The great founder of modern mathematics – Muhammad ibn Musa al-Khwarizmi – would surely have been delighted with spreadsheets. It was he who first defined the idea of an ‘algorithm’ (an adaptation of his Latin name Algorithmi), but he never formalised his work into the x + y = z notation with which we are familiar today. Instead he referred to the ‘root’ ‘square’ ‘thing’. Spreadsheets have cells which do not heed to have names, and are mostly referenced by their position(e.g A1), so the calculations in a spreadsheet can represent the algorithm in it’s purest form. The problem with spreadsheets is that the only way of applying the algorithm to more than one set of data is to copy it many times, then, copy the whole sheet
Without this flaw, the spreadsheet should be the ideal way of expressing complex algorithms, and it should thus be at the heart of any methodology that requires more than basic data manipulation. But it is not used for work requiring a lot of data, entirely because the preferred method of storing data in computers is the relational database, and spreadsheets cannot interface simply with relational databases. Spreadsheet data is inherently ‘messy’ while relational databases are ‘clean’ insofar as they impose a structure on data that is convenient for computers.
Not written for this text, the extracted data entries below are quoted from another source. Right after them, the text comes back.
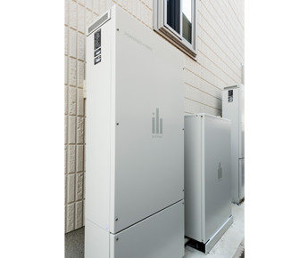 長壽命で充放電効率が高い、リチウムイオン蓄電池。今回のエネルギー自給住宅では、太陽光発電と組み合わせたハイブリッドシステム(6.2kWh)を2臺接続しています。(計12.4kWh)
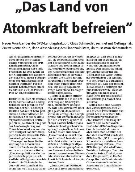 Neuer Vorsitzender der SPD-Landtagsfraktion, Claus Schmiedel, rechnet mit Oettinger ab: Zuerst Rente ab 67, dann Abservierung des Finanzministers, da muss man sich wundern.
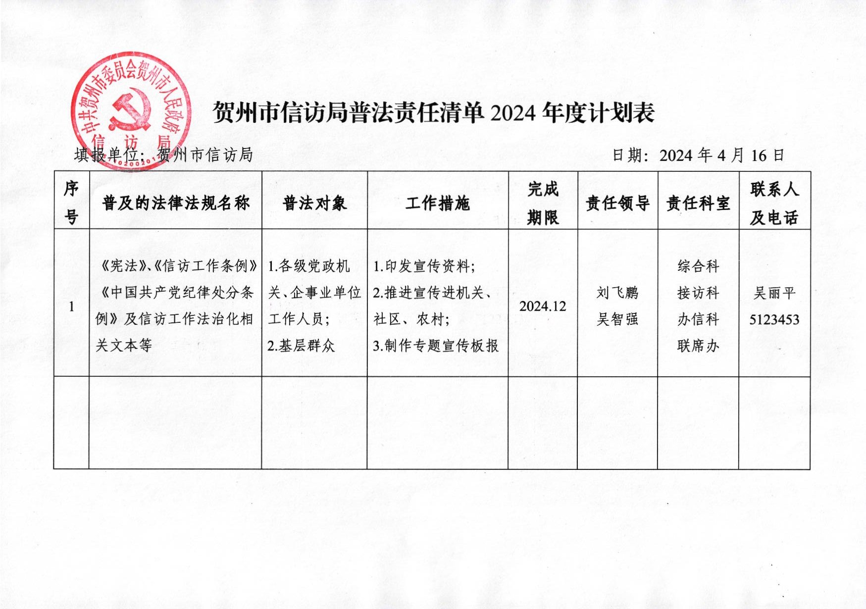 贺州市信访局普法责任清单2024年度计划表
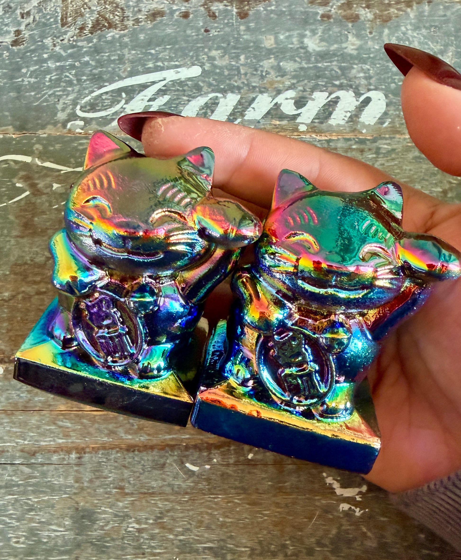 A powerful blend of grounding volcanic glass and rainbow aura energy, Obsidian with Titanium Aura combines deep protection with vibrant, high-frequency color. Each piece begins as natural Obsidian and is then bonded with Titanium to create its electric iridescent sheen.
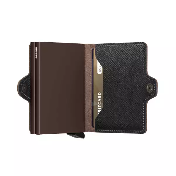 Das Twinwallet von Secrid besteht aus zwei zusammenhängenden “Cardprotectors” aus Aluminium und einer Hülle aus hochwertigem Leder. In den beiden “Cardprotectors” können bis zu acht Karten mit oder zwölf Karten ohne Prägung untergebracht werden. Zudem ist in der Lederhülle Platz für vier weitere Karten, sowie für Banknoten und Belege. Alle Karten in den “Cardprotectors” sind RFID (radio frequency identification) geschützt und somit vor kontaktlosem Datendiebstahl gesichert. Anhand eines patentierten Mechanismus werden alle Karten quasi mit einem Knopfdruck gefächert ausgeben.
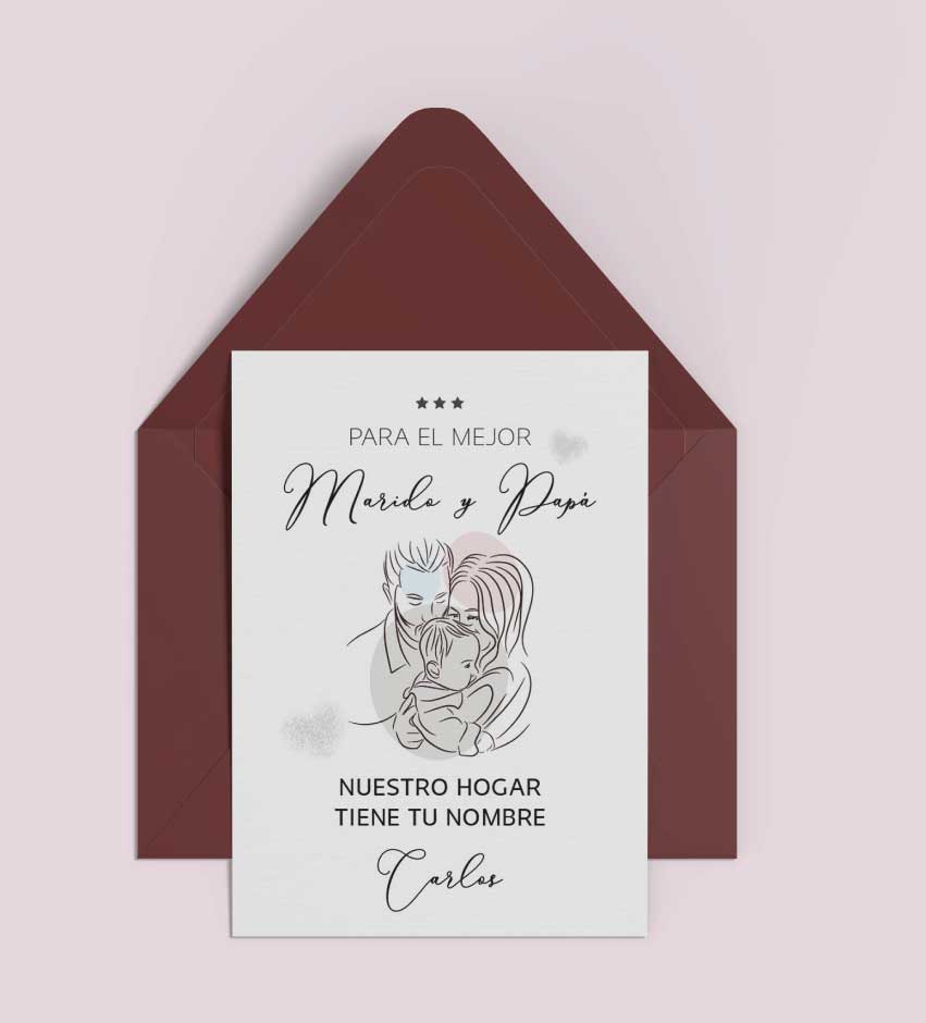 Si estás buscando una tarjeta de felicitación para padres personalizada y emotiva, perfecta para sorprender a tu marido en el día del Padre, su cumpleaños, el primer Día del Padre o cualquier evento especial, esta opción está diseñada para tocar el corazón, es perfecta para sorprender al marido y papá que lo da todo por su familia combinando emoción y elegancia.

But what if we throw away the relational database and devise a different way of storing data that is more convenient for spreadsheets – and for those using them? Then we can work out a new programming paradigm:
- Source data: Messy data sits in spreadsheets without formulae – high volume data still sits in tables.
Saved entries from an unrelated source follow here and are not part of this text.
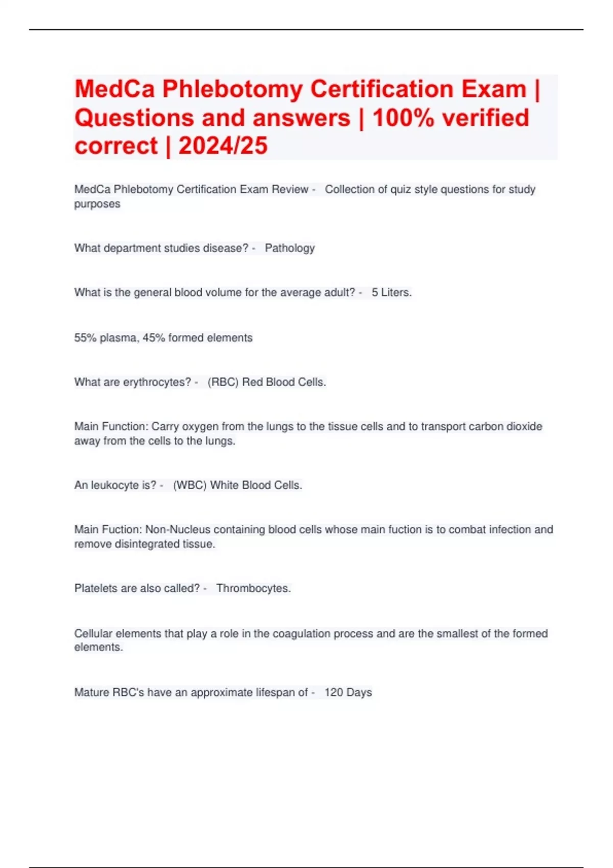 Exam (elaborations) MedCa Phlebotomy Certification Exam | Questions and answers | 100% verified correct | 2024/25 2 Exam (elaborations) MEDCA PHLEBOTOMY EXAM | WITH COMPLETE SOLUTION | UPDATED 2024/25 3 Exam (elaborations) MEDCA exam study guide Phlebotomy | with complete solution 2024/25
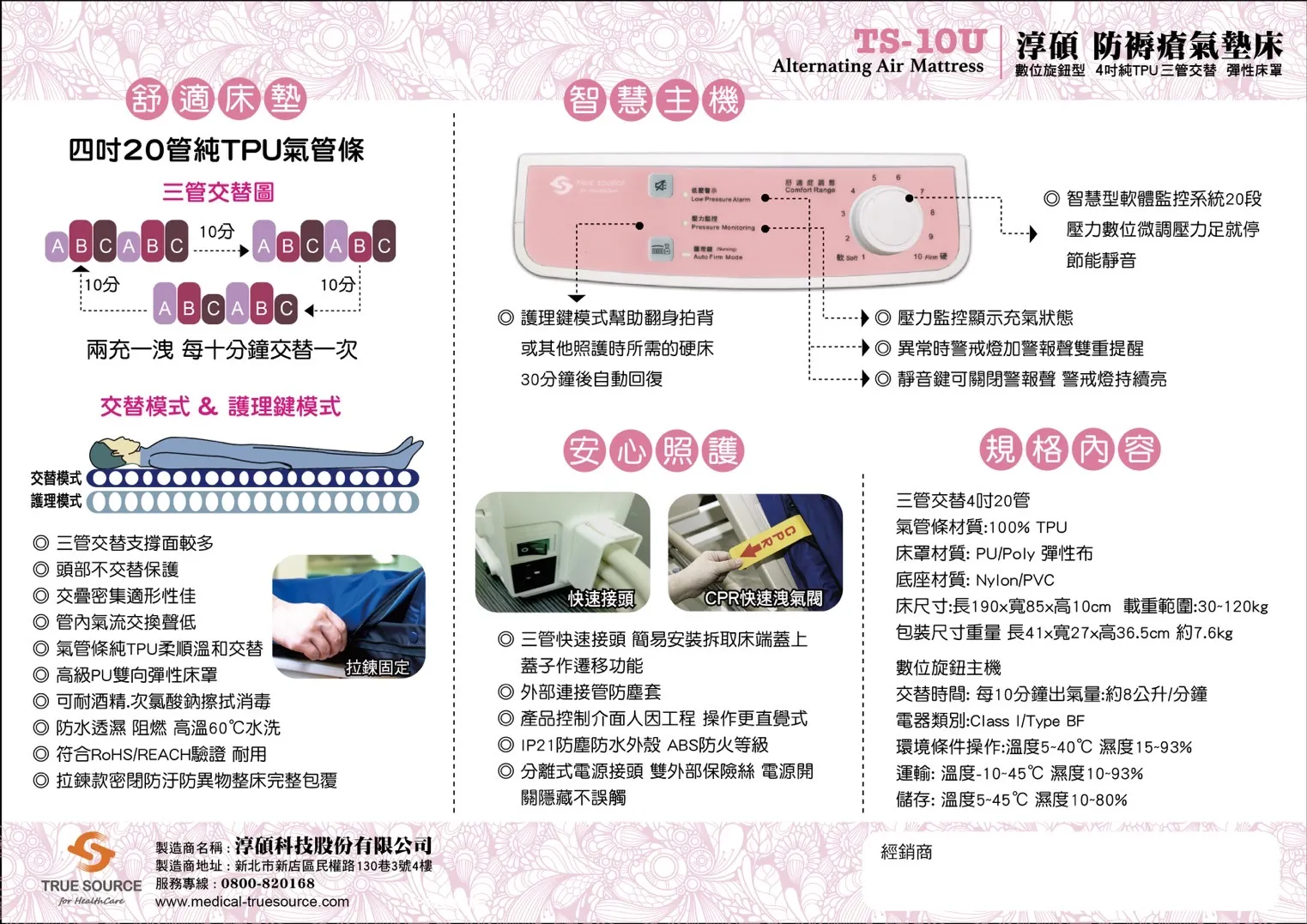 • TS-10U 旋鈕數位型 4吋三管純TPU氣墊床
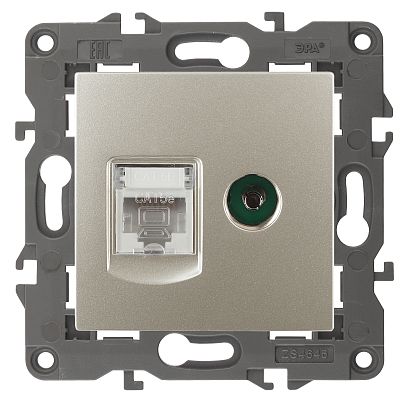 При подборе розеток, выключателей и других элементов для работы с электроэнергией учитывают не только электротехнические параметры, но и эстетику. Розетка ЭРА Elegance 14-3110-04 шампань RJ45+TV (Б0034317) — одна из лучших моделей в своем классе по обоим критериям. Производитель ЭРА сделал ставку на простую надежную конструкцию и современные материалы, которые обладают высокой устойчивостью к износу. Продукция прошла строгую проверку на безопасность и рассчитана на многолетнюю эксплуатацию в интенсивном режиме. Как официальный дистрибьютор мы готовы поставить любое количество товаров в кратчайшие сроки.
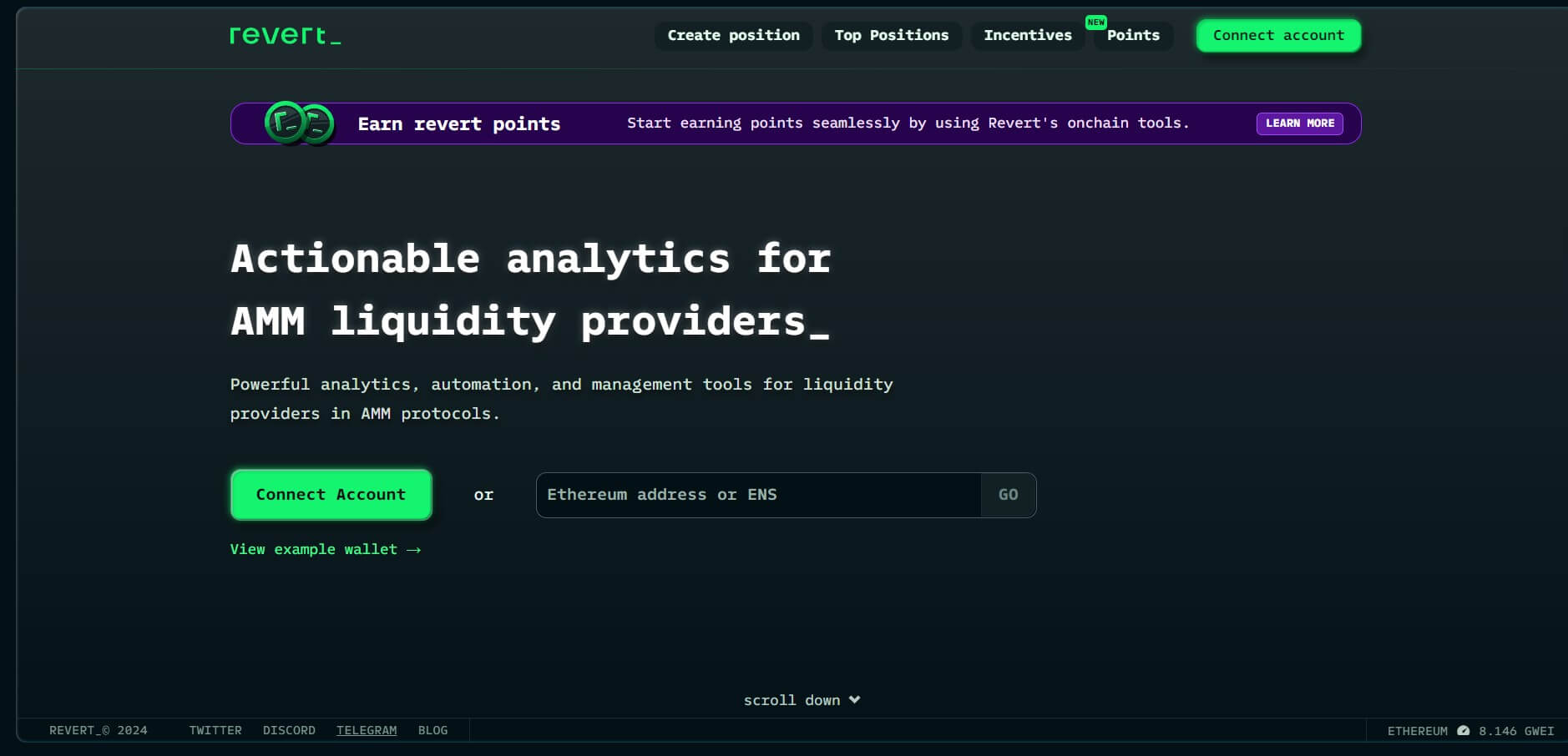 Revert is a financial analytics platform that provides tools to optimize trading strategies and manage risks by offering insights into liquidity pools, yield farming opportunities, and various DeFi protocols. The platform aims to help users make informed decisions by analyzing historical data and trends within the DeFi ecosystem.

- Processing: : Individual spreadsheets are created to express the algorithm – data is loaded from the sources , processed and saved away to be available to report spreadsheets
- Output: processed data is loaded into workbooks.
Neither the source sheets nor the output sheets need have formulae, though they will probably have a small number of formulae. Tracking data through the system is not done by relating cells to cells – which, after all, is meaningless – but by tracing named ‘values’ through the system where those values have an ‘audit’ attached which shows their ‘provenance’
Here’s an example.
I want to create a project management system. I have a number of projects to complete; each project is composed of ‘activities’ which may or may not overlap; each activity requires ‘resources’ – personnel or machinery. My job is to ensure that no project gets held up because a resource is not available. The problem is to define the start points of each project and the start point, resources required and duration of each activity within the project.
The preferred methodology for solving this problem would be to accumulate all the source information in a workbook, then be able to press a button to process the information and receive as output a workbook highlighting any potential conflicts. I should then tweak the source data by moving start points, or assigning resources differently, then reprocess the data to see if the conflicts were resolved. With iterations, I could find the best solution.
With our methodology, that’s exactly what you can do!